_DATA FOR PROCESSING:_
────────────────
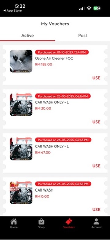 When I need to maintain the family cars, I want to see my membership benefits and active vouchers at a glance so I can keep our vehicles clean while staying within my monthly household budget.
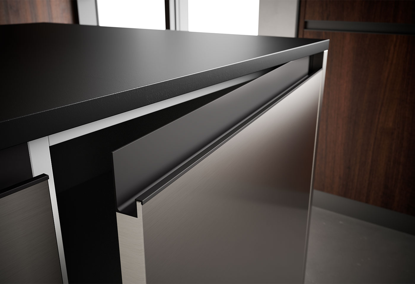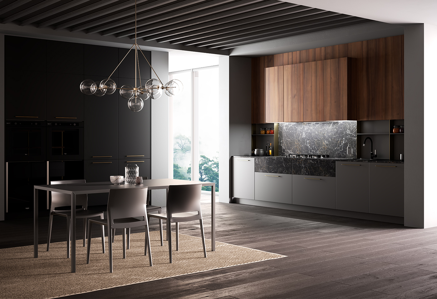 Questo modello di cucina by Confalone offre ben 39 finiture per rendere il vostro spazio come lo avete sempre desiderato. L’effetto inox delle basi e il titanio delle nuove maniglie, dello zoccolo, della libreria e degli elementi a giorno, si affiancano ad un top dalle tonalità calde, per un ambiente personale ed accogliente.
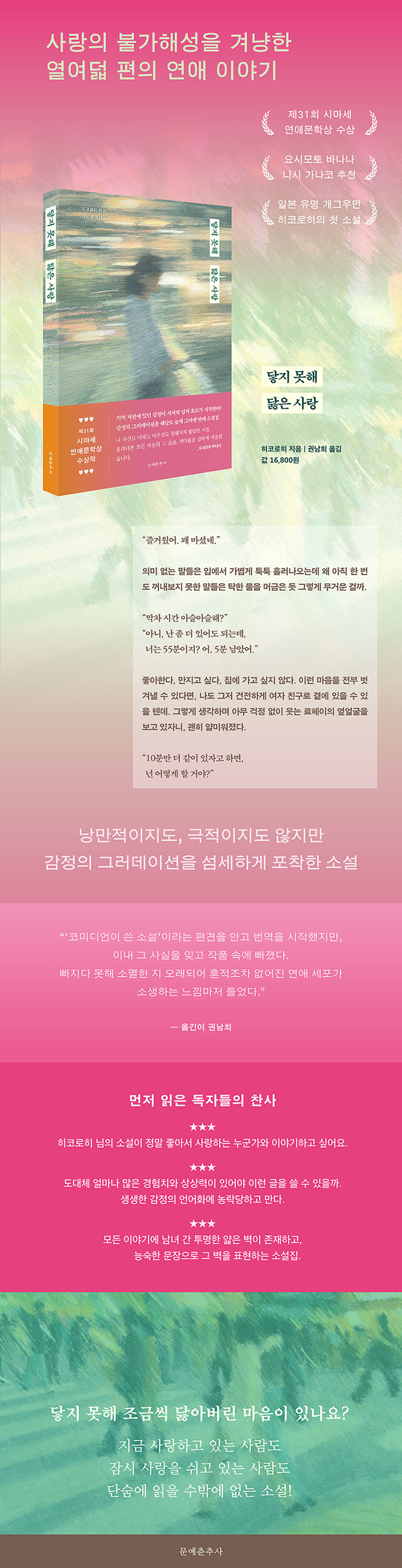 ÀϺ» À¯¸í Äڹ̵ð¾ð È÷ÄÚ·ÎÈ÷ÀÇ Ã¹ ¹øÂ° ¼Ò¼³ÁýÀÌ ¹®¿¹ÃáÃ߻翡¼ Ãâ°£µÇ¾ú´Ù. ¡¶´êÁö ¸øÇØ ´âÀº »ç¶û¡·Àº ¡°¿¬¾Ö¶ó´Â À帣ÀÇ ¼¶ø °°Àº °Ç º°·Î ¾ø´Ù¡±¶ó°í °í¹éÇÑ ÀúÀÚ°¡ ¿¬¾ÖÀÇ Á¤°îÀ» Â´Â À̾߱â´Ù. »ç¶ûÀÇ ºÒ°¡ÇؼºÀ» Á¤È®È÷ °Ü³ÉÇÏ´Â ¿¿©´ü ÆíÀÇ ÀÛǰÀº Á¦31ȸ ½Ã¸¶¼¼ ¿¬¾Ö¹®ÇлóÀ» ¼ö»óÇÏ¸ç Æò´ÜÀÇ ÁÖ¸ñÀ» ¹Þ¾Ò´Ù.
────────────────
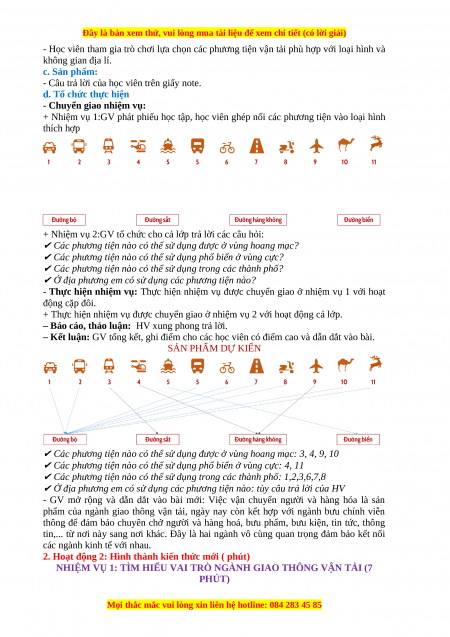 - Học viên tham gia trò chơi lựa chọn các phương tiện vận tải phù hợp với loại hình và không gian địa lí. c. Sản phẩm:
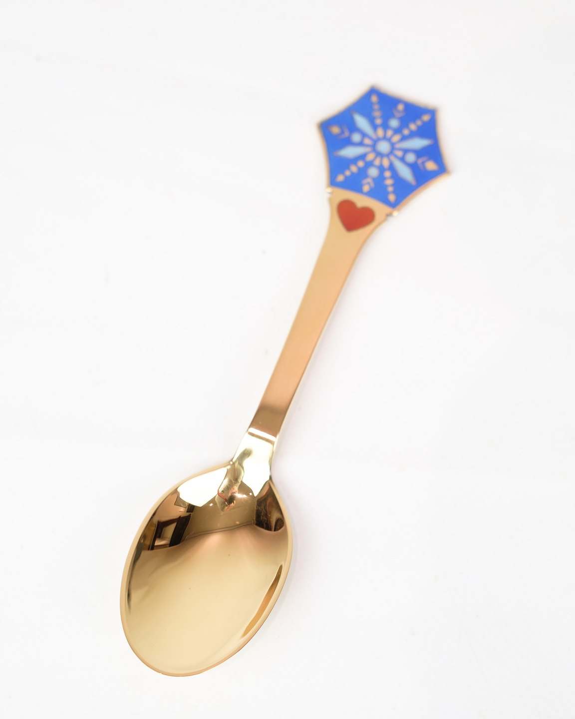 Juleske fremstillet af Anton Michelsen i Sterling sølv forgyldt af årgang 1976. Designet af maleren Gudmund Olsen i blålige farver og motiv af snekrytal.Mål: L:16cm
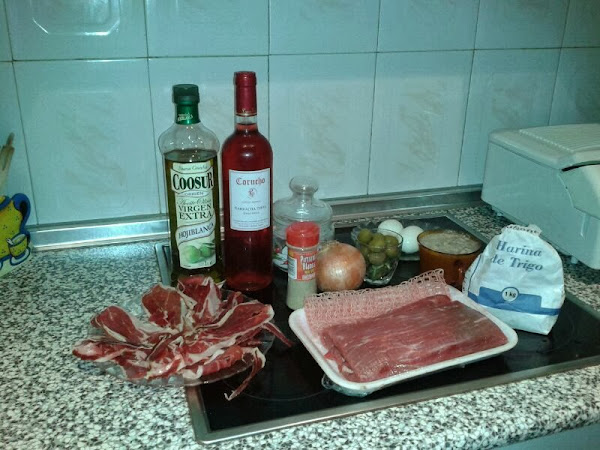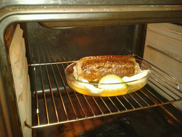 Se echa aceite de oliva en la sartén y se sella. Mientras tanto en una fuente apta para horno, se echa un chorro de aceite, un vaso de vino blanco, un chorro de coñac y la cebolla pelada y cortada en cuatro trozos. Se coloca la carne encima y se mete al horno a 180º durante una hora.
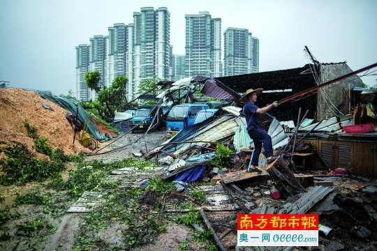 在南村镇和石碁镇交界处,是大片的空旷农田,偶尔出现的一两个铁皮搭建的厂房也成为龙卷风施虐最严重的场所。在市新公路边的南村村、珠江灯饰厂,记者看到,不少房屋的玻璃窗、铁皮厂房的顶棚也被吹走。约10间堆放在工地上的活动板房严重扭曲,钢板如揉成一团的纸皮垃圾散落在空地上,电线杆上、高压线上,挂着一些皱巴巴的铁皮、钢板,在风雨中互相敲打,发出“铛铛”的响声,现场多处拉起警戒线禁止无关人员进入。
────────────────
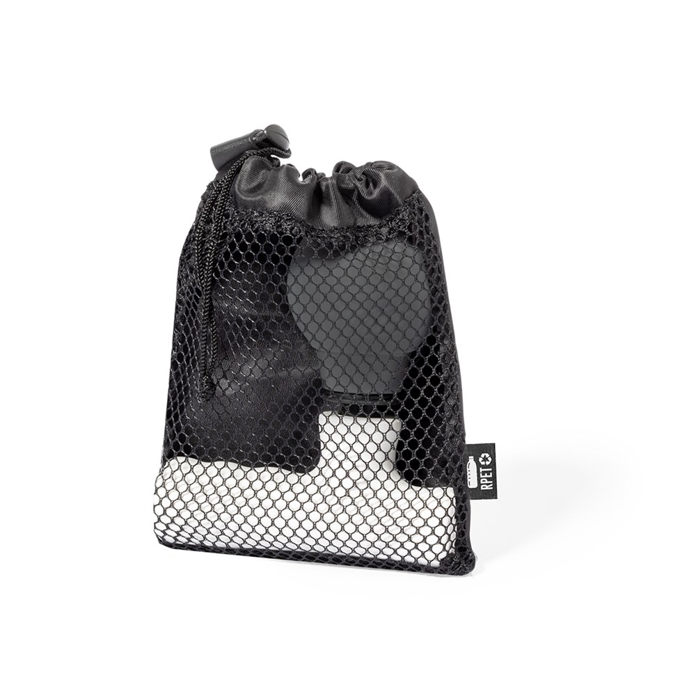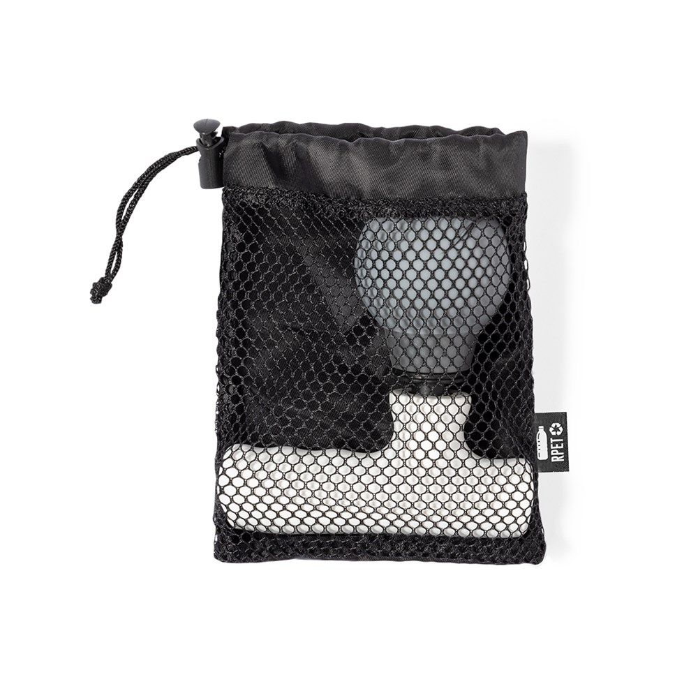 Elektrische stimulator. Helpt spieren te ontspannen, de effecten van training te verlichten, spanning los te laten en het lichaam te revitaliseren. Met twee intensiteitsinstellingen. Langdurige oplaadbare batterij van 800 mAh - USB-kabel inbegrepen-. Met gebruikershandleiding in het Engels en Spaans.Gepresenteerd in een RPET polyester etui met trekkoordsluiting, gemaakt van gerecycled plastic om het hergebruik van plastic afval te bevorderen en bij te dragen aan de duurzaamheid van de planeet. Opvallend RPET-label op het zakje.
────────────────
_TASK OBJECTIVE:_ Only the lines starting at the one that includes "Juleske fremstillet af" and ending at the one that includes "在南村镇和石碁镇交界处,是大" should be retyped, exactly, from the records above; no pictures.

_TASK ANSWER:_
 Juleske fremstillet af Anton Michelsen i Sterling sølv forgyldt af årgang 1976. Designet af maleren Gudmund Olsen i blålige farver og motiv af snekrytal.Mål: L:16cm
 Se echa aceite de oliva en la sartén y se sella. Mientras tanto en una fuente apta para horno, se echa un chorro de aceite, un vaso de vino blanco, un chorro de coñac y la cebolla pelada y cortada en cuatro trozos. Se coloca la carne encima y se mete al horno a 180º durante una hora.
 在南村镇和石碁镇交界处,是大片的空旷农田,偶尔出现的一两个铁皮搭建的厂房也成为龙卷风施虐最严重的场所。在市新公路边的南村村、珠江灯饰厂,记者看到,不少房屋的玻璃窗、铁皮厂房的顶棚也被吹走。约10间堆放在工地上的活动板房严重扭曲,钢板如揉成一团的纸皮垃圾散落在空地上,电线杆上、高压线上,挂着一些皱巴巴的铁皮、钢板,在风雨中互相敲打,发出“铛铛”的响声,现场多处拉起警戒线禁止无关人员进入。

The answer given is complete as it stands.